Assis sur la valeur locative du logement, son taux est de 12,5 % la première année puis de 25 % à partir de la deuxième. Cette taxe ne concerne que les logements habitables, dépourvus de meubles, dont l'inoccupation est volontaire. Elle n'est pas due pour un logement que vous avez mis en vente ou en location au prix du marché, et pour lequel vous ne trouvez aucun acquéreur ou locataire, ni pour un logement nécessitant d'importants travaux de remise en état ou encore pour un logement détenu en indivision et pour lequel vous ne pouvez pas prendre seul la décision de le vendre ou de le louer, surtout si le règlement de la succession se passe mal. Il vous suffit de fournir au fisc la preuve que l'inoccupation ne résulte pas de votre volonté pour être dégrevé.

La taxe d'habitation sur les logements vacants

Les communes situées en dehors du périmètre de la taxe annuelle sur les logements vacants peuvent voter une taxe d'habitation sur les logements vacants : son champ d'application est peu ou prou le même que celui de la taxe sur les logements vacants. Mais son taux, qui est voté par la commune, doit être identique à celui retenu pour la taxe d'habitation.
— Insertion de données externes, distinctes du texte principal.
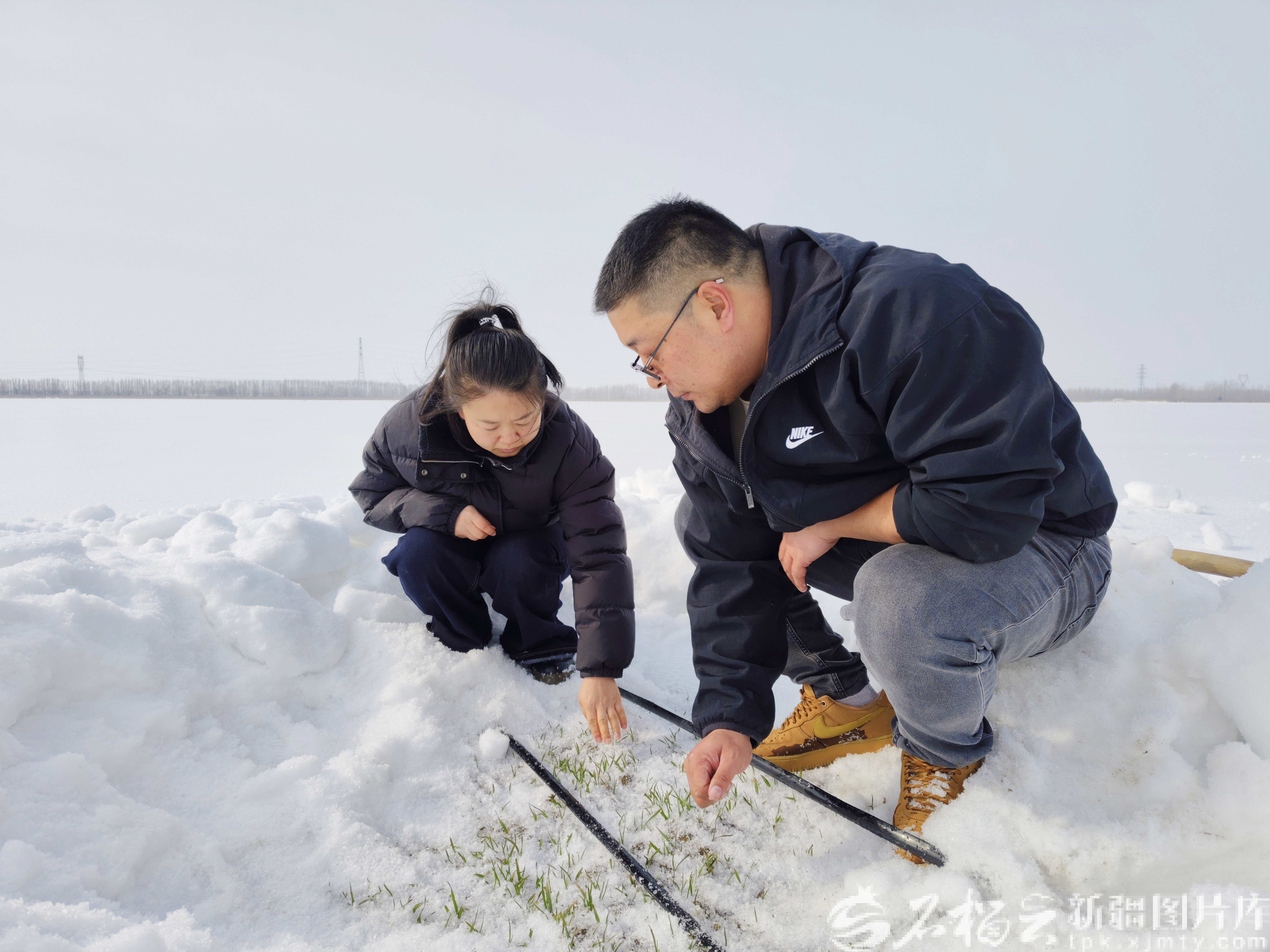 新疆生产建设兵团第八师144团用无人机为4.24万亩冬小麦追肥,让小麦吃上“返青营养餐”。图为3月10日,农技人员在查看冬小麦返青情况。石海摄

La surtaxe résidence secondaire

Depuis 2015, les communes situées sur le même périmètre que celui de la taxe sur les logements vacants peuvent instituer une majoration de la part de la taxe d'habitation qui leur revient. Cette surtaxe ne concerne que les logements autres que ceux destinés à l'habitation principale : résidences secondaires et logements destinés à la location meublée de courte durée. Les personnes disposant de plusieurs logements meublés non affectés à leur habitation principale en sont redevables pour chacun des logements concernés. Initialement fixée à 20 %, cette majoration peut varier entre 5 % et 60 %.

L'administration fiscale vient d'indiquer que cette surtaxe pouvait s'appliquer aux logements détenus par des sociétés civiles immobilières, « à condition de ne pas être occupés par une personne morale, et sous réserve de ne pas être affectés à l'habitation principale de leur occupant » (réponse ministérielle Tabarot, JO Assemblée nationale du 8 septembre 2020).